La conseillère Julie Dufour entend déposer une résolution omnibus demandant l’intervention du vérificateur général.

Administration Tremblay: Julie Dufour réclame une enquête du V.G.

Les dirigeants des différentes organisations paramunicipales embauchés sous l’administration Tremblay, incluant ceux de Promotion Saguenay, doivent s’attendre à recevoir la visite du vérificateur général (V.G.) dans les prochaines semaines.

La conseillère municipale Julie Dufour, qui n’avait pas de mot pour qualifier l’affaire du contrat de Ghislain Harvey, planche sur une résolution omnibus qu’elle entend présenter à la toute première assemblée publique du nouveau conseil municipal.

« J’ai informé le cabinet de la mairesse que j’allais présenter une résolution. Je tiens à préciser que ce n’est pas un pied de nez à Mme Néron que je fais. Au contraire, c’est complémentaire à ce qu’elle fait en ce moment. Nous avons des outils et le vérificateur général pour lequel je me suis tant battue fait partie des outils et nous allons l’utiliser », affirme la conseillère.

Cette dernière croit que « ce que l’on a pu comprendre du fonctionnement de Promotion Saguenay est possiblement symptomatique de toute l’administration Tremblay ». Dans un tel contexte, elle juge que le meilleur moyen de le vérifier est de faire un diagnostic de la situation et des méthodes qui prévalent dans ces organismes afin d’y remédier.

« Si le vérificateur général découvre des choses qui ne sont pas de son mandat, il avisera qui de droit et les choses suivront leur cours. Nous sommes maintenant dans la transparence. Il y a eu des élections et partout au Québec les citoyens ont passé un message clair. Ils veulent de la transparence dans la gouvernance », ajoute la conseillère.

Julie Dufour a vu défiler des centaines de commentaires sur les réseaux sociaux en plus des citoyens qui l’arrêtent dans la rue pour lui témoigner de leur dégoût de l’affaire du contrat de Ghislain Harvey. Elle entend bien tout mettre en oeuvre pour qu’on ait le portrait d’ensemble de ces façons de faire qui ont choqué les citoyens.

« Il faut que la résolution soit bien rédigée sur le plan légal.
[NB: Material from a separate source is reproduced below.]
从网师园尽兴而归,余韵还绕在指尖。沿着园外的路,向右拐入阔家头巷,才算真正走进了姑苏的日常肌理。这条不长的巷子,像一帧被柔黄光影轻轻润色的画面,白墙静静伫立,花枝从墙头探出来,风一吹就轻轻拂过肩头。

Je vais utiliser mon budget de recherche pour retenir les services de l’avocat qui m’a aidée dans le dossier du vérificateur général et nous allons présenter la résolution et la discuter entre élus à la table du conseil puisque nous avons aujourd’hui la possibilité de le faire. »

Savard n’impressionne pas

Tout comme le député Alexandre Cloutier (voir encadré en page 4), la conseillère Dufour n’a pas été impressionnée par le comportement du préfet de la MRC du Fjord-du-Saguenay, Gérald Savard, qui a signé le contrat de Ghislain Harvey sans le lire.
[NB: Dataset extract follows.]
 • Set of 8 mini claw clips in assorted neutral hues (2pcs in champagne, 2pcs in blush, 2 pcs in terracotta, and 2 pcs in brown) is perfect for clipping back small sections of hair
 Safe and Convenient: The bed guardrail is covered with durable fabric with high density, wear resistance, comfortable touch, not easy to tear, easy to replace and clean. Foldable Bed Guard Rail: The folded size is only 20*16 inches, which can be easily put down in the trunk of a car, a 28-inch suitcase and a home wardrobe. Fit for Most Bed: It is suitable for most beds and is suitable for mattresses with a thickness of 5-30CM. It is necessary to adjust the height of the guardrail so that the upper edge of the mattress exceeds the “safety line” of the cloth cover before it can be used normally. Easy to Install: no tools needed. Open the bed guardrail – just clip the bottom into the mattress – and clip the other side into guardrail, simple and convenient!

« Si M. Savard comprend bien ce qui se passe, il va avoir la décence de démissionner de son poste. Il a voté pour 1,4 M $ d’argent des contribuables de Saguenay en se fiant uniquement sur les conseils de Jean Tremblay. Jean Tremblay s’en est vanté, il était l’ami de Ghislain Harvey et Gérald Savard se fiait sur l’avis de Jean Tremblay qui recommandait d’adopter un contrat pour son ami comme il l’a souvent répété. C’est lui qui le disait ouvertement. »

La conseillère aimerait bien avoir l’opinion de la Commission municipale du Québec sur le comportement du préfet qui agit à Promotion Saguenay à titre d’élu municipal et qui a l’obligation de respecter un code d’éthique. Ce code, rappelle la conseillère, impose aux élus de se comporter avec prudence lorsqu’ils gèrent les biens publics et elle n’a pas l’impression que Gérald Savard a fait preuve de prudence.

Pour le moment, Julie Dufour trouve anormal que Jean Tremblay soit aussi muet sur le contrat de Ghislain Harvey. Lui qui, selon ce qu’elle rappelle, « se faisait une spécialité de contacter les médias pour donner son avis sur tout quand il dirigeait la ville ».

Au sein du conseil, il y aurait des conseillers qui, tout en appuyant sans réserve Josée Néron, aimeraient obtenir l’heure juste sur la gestion de Promotion Saguenay, et ce, depuis les premières années. L’un d’eux a confié au Progrès que le dévoilement du contrat de Ghislain Harvey était loin de répondre à toutes les questions qui se posent en coulisse.